**AIM OF THE TASK:**
The lines below from the one with "Woman holds large" up to and including the one with "堂園地区でイモを植えていまし" are what you should set down, exactly and without pictures.

**MATERIAL SHOWN:**
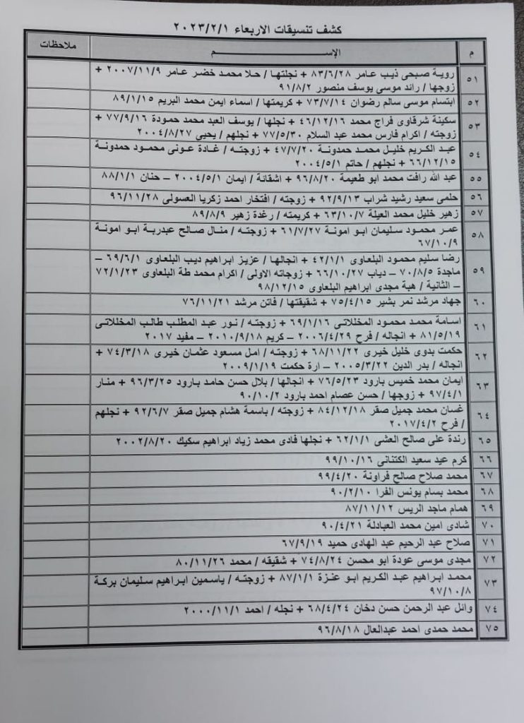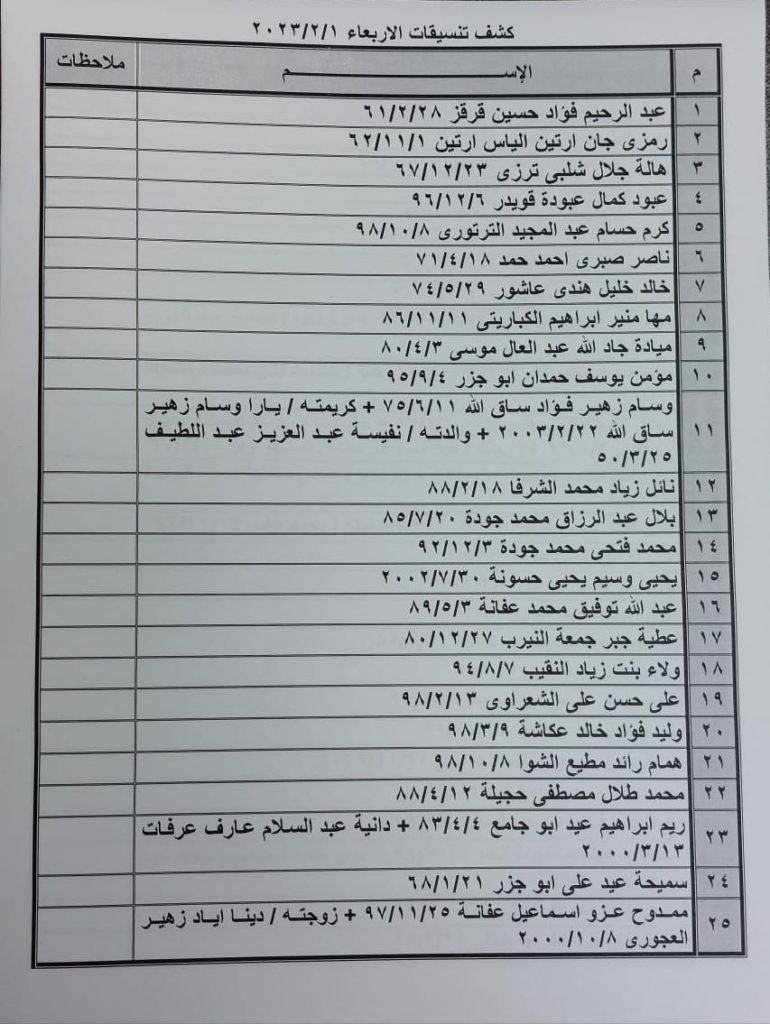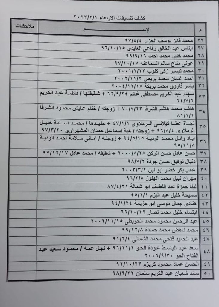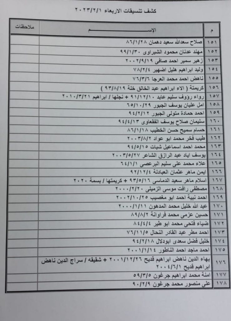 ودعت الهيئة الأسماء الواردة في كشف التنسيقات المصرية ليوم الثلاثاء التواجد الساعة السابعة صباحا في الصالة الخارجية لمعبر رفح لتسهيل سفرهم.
* * *
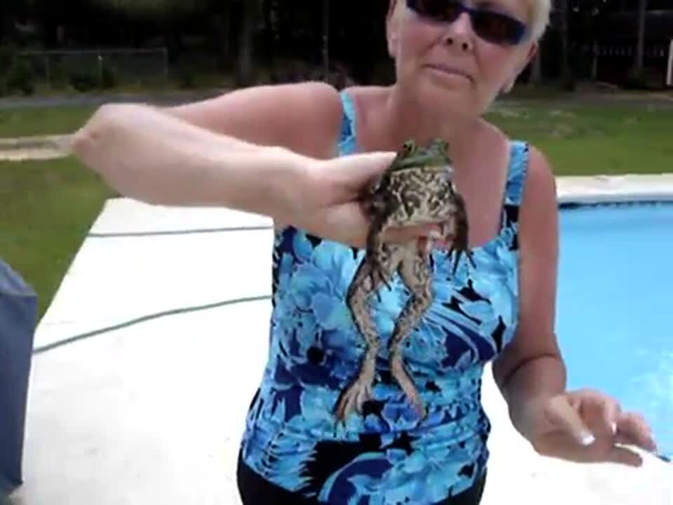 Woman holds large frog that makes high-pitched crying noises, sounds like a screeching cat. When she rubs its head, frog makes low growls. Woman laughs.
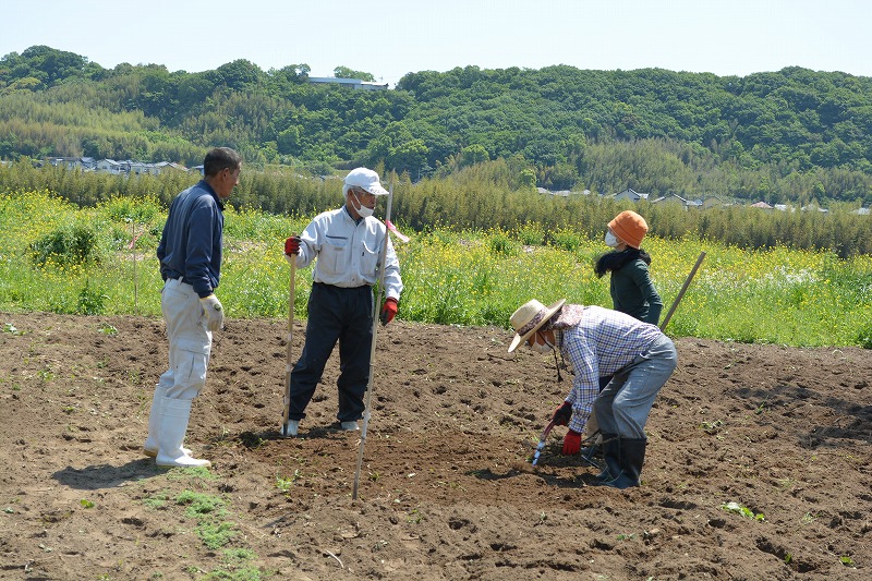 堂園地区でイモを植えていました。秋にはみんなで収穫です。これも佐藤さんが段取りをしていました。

**ANSWER:**
 Woman holds large frog that makes high-pitched crying noises, sounds like a screeching cat. When she rubs its head, frog makes low growls. Woman laughs.
 堂園地区でイモを植えていました。秋にはみんなで収穫です。これも佐藤さんが段取りをしていました。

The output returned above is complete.